I am trying to optimize my OpenCL kernels and all I have right now is NVidia Visual Profiler, which seems rather constrained. I would like to see line-by-line profile of kernels to better understand issues with coalescing, etc. Is there a way to get more thorough profiling data than the one, provided by Visual Profiler?
I think that AMD CodeXL is what you are looking for. It's a free set of tools that contains an OpenCL debugger and a GPU profiler.
The OpenCL debugger allows you to do line-by-line debugging of your OpenCL kernels and host code, view all variables across different workgroups, view special events and errors that occur, etc..

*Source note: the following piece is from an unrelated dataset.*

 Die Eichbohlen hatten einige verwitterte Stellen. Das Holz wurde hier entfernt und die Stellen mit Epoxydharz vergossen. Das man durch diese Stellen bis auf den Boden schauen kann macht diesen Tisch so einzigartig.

The GPU profiler has a nice feature that generates a timeline displaying how long your program spends on tasks like data transfer and kernel execution.
For more info and download links, check out http://developer.amd.com/tools-and-sdks/heterogeneous-computing/codexl/
No, there is no such tool but you can profile your code changes. Try measuring the speed of your code, change something and then measure it once again. clEnqueueNDRangeKernel has an Event argument which can be used with clGetEventProfilingInfo afterwards, the timer is very sharp, the accuracy is measured in order of microseconds. This is the only way to measure performance of a separate code part...

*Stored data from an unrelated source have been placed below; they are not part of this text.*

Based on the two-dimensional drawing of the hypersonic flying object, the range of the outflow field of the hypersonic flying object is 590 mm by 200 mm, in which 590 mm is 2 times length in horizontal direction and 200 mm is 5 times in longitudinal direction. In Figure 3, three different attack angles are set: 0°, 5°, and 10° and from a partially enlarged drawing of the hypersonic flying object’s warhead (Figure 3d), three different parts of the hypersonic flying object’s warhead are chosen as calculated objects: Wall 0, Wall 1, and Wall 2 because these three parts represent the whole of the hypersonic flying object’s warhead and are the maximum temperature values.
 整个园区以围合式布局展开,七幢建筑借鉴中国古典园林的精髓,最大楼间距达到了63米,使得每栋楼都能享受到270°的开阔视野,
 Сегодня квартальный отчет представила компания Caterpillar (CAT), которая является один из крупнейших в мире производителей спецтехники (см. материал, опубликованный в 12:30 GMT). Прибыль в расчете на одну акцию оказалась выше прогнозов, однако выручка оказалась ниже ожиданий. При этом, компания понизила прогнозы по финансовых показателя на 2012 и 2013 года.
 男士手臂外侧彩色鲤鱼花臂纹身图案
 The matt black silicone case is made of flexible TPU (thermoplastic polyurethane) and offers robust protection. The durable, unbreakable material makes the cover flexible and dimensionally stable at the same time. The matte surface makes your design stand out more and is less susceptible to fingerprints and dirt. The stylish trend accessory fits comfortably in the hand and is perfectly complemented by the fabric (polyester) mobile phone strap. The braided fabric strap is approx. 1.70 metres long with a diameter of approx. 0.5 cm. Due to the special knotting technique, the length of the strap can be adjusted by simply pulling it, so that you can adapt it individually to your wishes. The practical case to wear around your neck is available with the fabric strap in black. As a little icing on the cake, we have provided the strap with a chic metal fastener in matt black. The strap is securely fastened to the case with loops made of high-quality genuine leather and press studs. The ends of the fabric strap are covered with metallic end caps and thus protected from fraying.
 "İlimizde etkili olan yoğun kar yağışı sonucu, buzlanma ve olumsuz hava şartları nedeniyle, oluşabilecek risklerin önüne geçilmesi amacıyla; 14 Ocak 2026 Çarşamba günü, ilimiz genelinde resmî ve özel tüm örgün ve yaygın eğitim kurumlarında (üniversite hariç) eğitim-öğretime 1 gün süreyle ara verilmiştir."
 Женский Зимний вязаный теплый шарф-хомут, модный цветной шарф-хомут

I haven't test it but I just found this program http://www.gremedy.com/gDEBuggerCL.php.
The description is: " This new product brings gDEBugger's advanced Debugging, Profiling and Memory Analysis abilities to the OpenCL developer's world..."
LTPV is an open-source, OpenCL profiler that may fit your requirements. It is, for now, only working under Linux.
(disclosure: I am the developer of this tool)